Extra credit (Academic)
- CS Extras, Thursday, Klinge Map Group on Cauldron
- CS Table, Tuesday, ???
Extra credit (Peer)
???
Extra Credit (Misc)
???
Other good things
Questions
- Loop invariants help you a whole lot in writing partition correctly. What
- is a loop invariant.
- It is a way of thinking about the state of the system.
- Usually with arrays.
- If the invariant holds at the start of one iteration of the loop, it still holds at the end of that iteration.
- It provides useful information about what our loop accomplishes.
- What should we track?
- How about array references.
- Can we assume that n is a power of whatever in the inductive proofs?
- If you must.
- But you could also try doing so without that assumption.
- What’s the difference between strong and weak induction.
- Weak: If it works for n-1, it should work for n
- Strong: If it works for <= n-1, it should work for n
- What do you want us to do for part b?
- Figure out which of the three patterns is at play. Explain why. Use that pattern.
- Will you force us to argue regularity?
- It would be nice, but no.
Review of hash tables
What are the key ideas of hash tables?
- We have pairs of keys and values (dictionaries). We want to look up values by keys.
- We use a hash function that takes keys and returns an integer and use integer to index into an array where we store key/value pairs.
- It gives expected constant time lookup of values by keys.
What are some design decisions we make in implementing hash tables?
- Sometimes two keys end up with the same place in the array, particulary
when we mod by the size of the array.
- We can put a linked list at that point in the array (chaining/bucketing)
- We can look in a nearby cell (probing)
- To keep the buckets small, we generally grow the underlying array when it reaches some percent of capacity.
- It is important to have a good hash function, one that distributes keys fairly uniformly across the number space.
- The size of the underlying array may be important.
Hash functions, revisited
What does the following hash function do?

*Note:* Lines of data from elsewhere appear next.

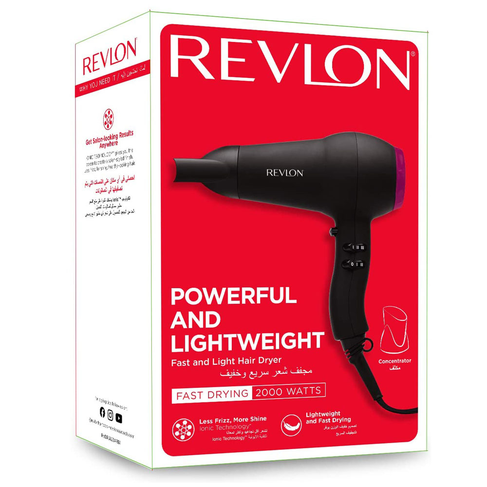 Uscator de par REVLON Fast and Light RVDR5823E3, 2 viteze, 3 trepte de temperatura Caracteristici: - Putere 2000W - Tehnologie de ionizare - Termostat pentru supraincalzire - Maner ergonomic - 3 trepte temperatura aer cald si buton de aer rece - Concentrator pentru uscare fina - Inel de agatare Uscatorul REVLON fast and Light este un dispozitiv profesionist cu o putere de 2000W, care va asigura o uscare rapida, iar varful ceramic ionizat pastreaza hidratarea naturala a parului si ii ofera stralucire. CAPAC DETASABIL Dispozitivul este proiectat cu un capac de inchidere a ventilatiei pentru a preveni patrunderea scamelor. Scoateti capacul periodic si curatati daca este nevoie, insa doar atunci cand aparatul este deconectat. BUTOANE DE TEMPERATURA VITEZA Aparatul are 2 viteze, 3 trepte de temperatura de aer cald si un buton de aer rece. Setarile de viteza si temperaturi ridicate sunt ideale pentru uscarea rapida sau uscarea inainte de coafare. Setarile de viteza si temperaturi scazute sunt ideale pentru coafare. Odata ce ati obtinut coafura dorita, apasati butonul de aer rece pentru a fixa coafura cu un jet de aer rece. INEL DE AGATARE Uscatorul este prevazut cu un inel care permite agatarea acestuia pe un carlig pentru a fi la indemana atunci cand aveti nevoie de el. CONCENTRATOR Concentratorul orienteaza jetul de aer pentru o uscare fina si usor de controlat. Inainte de a atasa concentratorul, folositi aparatul fara acest capat pentru a indeparta excesul de umezeala. SPECIFICATII TEHNICE: Tip utilizare: Uz casnic Destinat pentru: Uscare Material invelis: Ceramica; Plastic Functii: Ionizare, Aer rece Tehnologie: Ionica Alimentare: La retea Tensiune alimentare: 240 V Putere: 2000 W Trepte de temperatura: 3 Trepte de viteza: 2 Lungime: 27.5 cm Greutate: 500 g Culoare: Negru,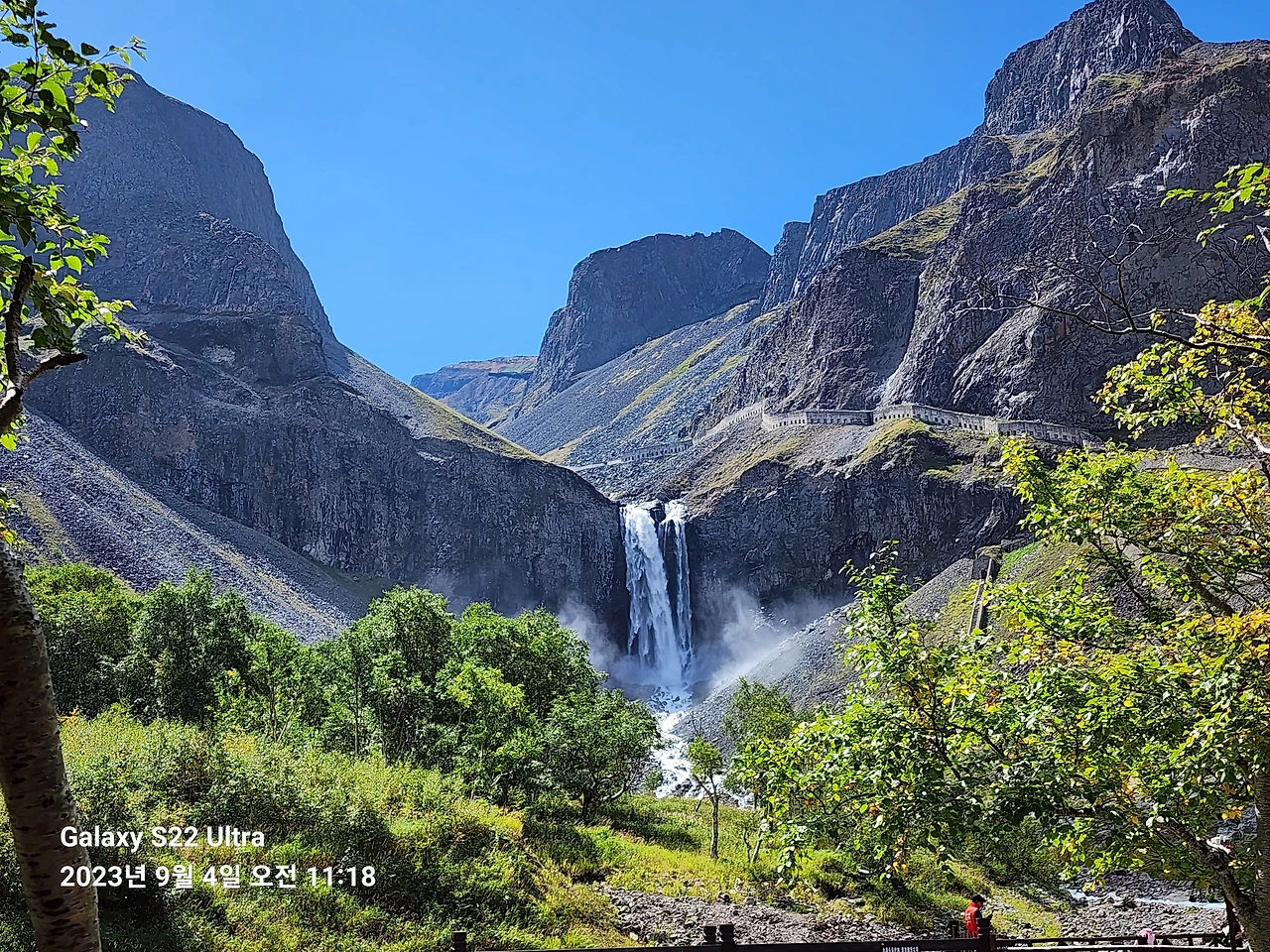 오늘 지난날 아쉬움을 안고 돌아섰던 바로 그 자리에 다시 섰다. 지난날과는 다르게 장백폭포 초입은 깔끔하게 잘 정비되어 있다. 도로는 물론 각종 편의시설을 완벽하게 갖추어 놓았다. 이곳 입장은 당국이 제공하는 전용버스로만 가능하고 입장료는 무려 8만이나 한다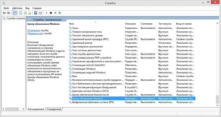 После этого всплывёт ещё одно окно. В нём будут находиться все службы, запущенные на данном компьютере. Для того, чтобы избавиться от зависания компьютера с надписью «Подготовка к настройке Windows», следует найти «Центр обновления Windows». Как правило, находится эта служба чуть ли не в самом низу, если отсортировать по имени.

[Borrowed from Skienna p. 89]
#define alpha SOME_LARGE_PRIME
int hash(char *s)
{
int len = strlen(s);
int code = 0;
for (int i = 0; i < len; i++)
{
code += s[i] * expt(alpha, len-(i+1))
} // for
return code;
} // hash
Suppose we have a really long string. What the difference between
hash(substring(str, 0, k))
and hash(substring(str, 1, k+1))
?
E.g., hash(substring(str, 0, 6)
vs hash(substring(str, 1, 7))
- subtract s0*alpha^5
- multiply by alpha
- add s6
Other uses of hash tables and hash functions
Ideas stolen from Skiena
How could you use hash functions or tables to help you …
- Detect plagiarism
- Determine if string
a
is a substring of stringb
?